**Stored data**
********

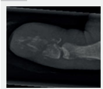
Figure 2a: On presentation
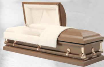
•Copper Rosetan Crepe
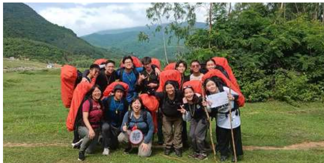
Temasek Polytechnic's students kicked off their hiking expedition amidst the stunning mountainous landscapes of Binh Dinh, Vietnam
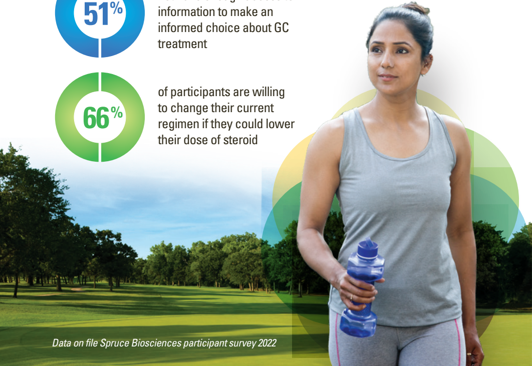
Data on file Spruce Biosciences participant survey 2022
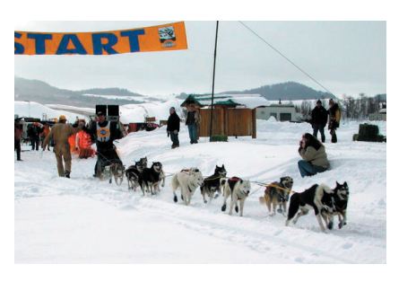
2004 IPSSSDR Pinedale Stage Stop Race

It's time again for the IPSSSDR. This alphabet soup name stands for International Pedigree Stage
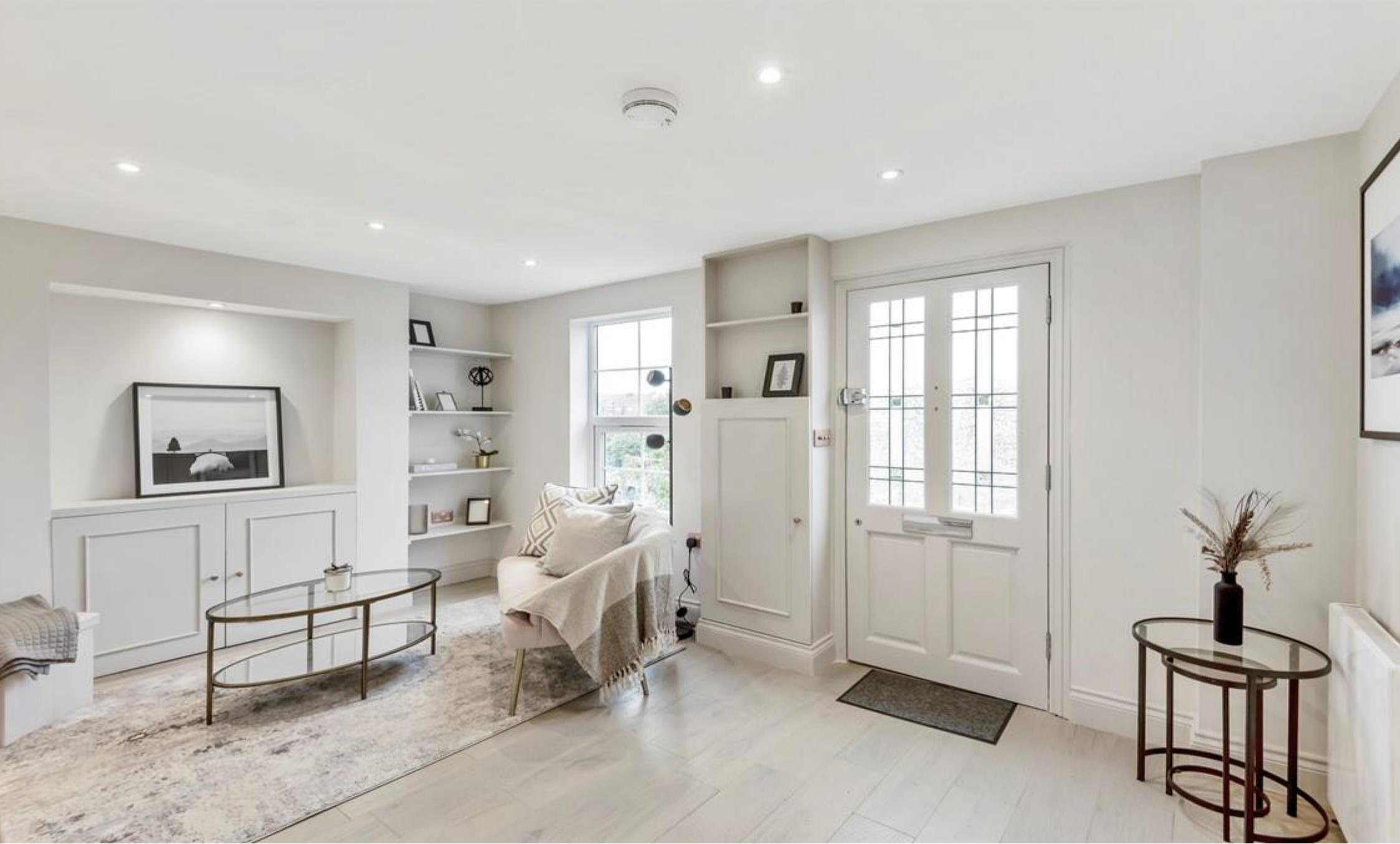
Model Cottages, London, W13 9LF
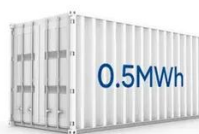
Standard 20ft containers

Should you require customized, wish to inquire about pricing, or seek additional information, we invite you to get in touch with us. Photovoltaic flexible bracket design allows the photovoltaic system to ...
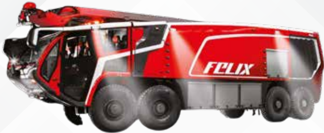
AIRPORT CRASH FIRE TENDER
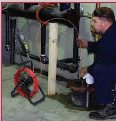
Monitoring the clearing of a clogged sewer drain

The DCS1600 Video Borescope Handheld Recording Console is also available separately as No. H16. It is compatible with all QVGA and VGA resolution probes offered by General, except the P18ART-1SM, -2SM and -3SM articulating probes.

********

**Exercise aim**
Say how many lines in the data above contain the string "Stage", and give no other output.

**Output of the exercise**
2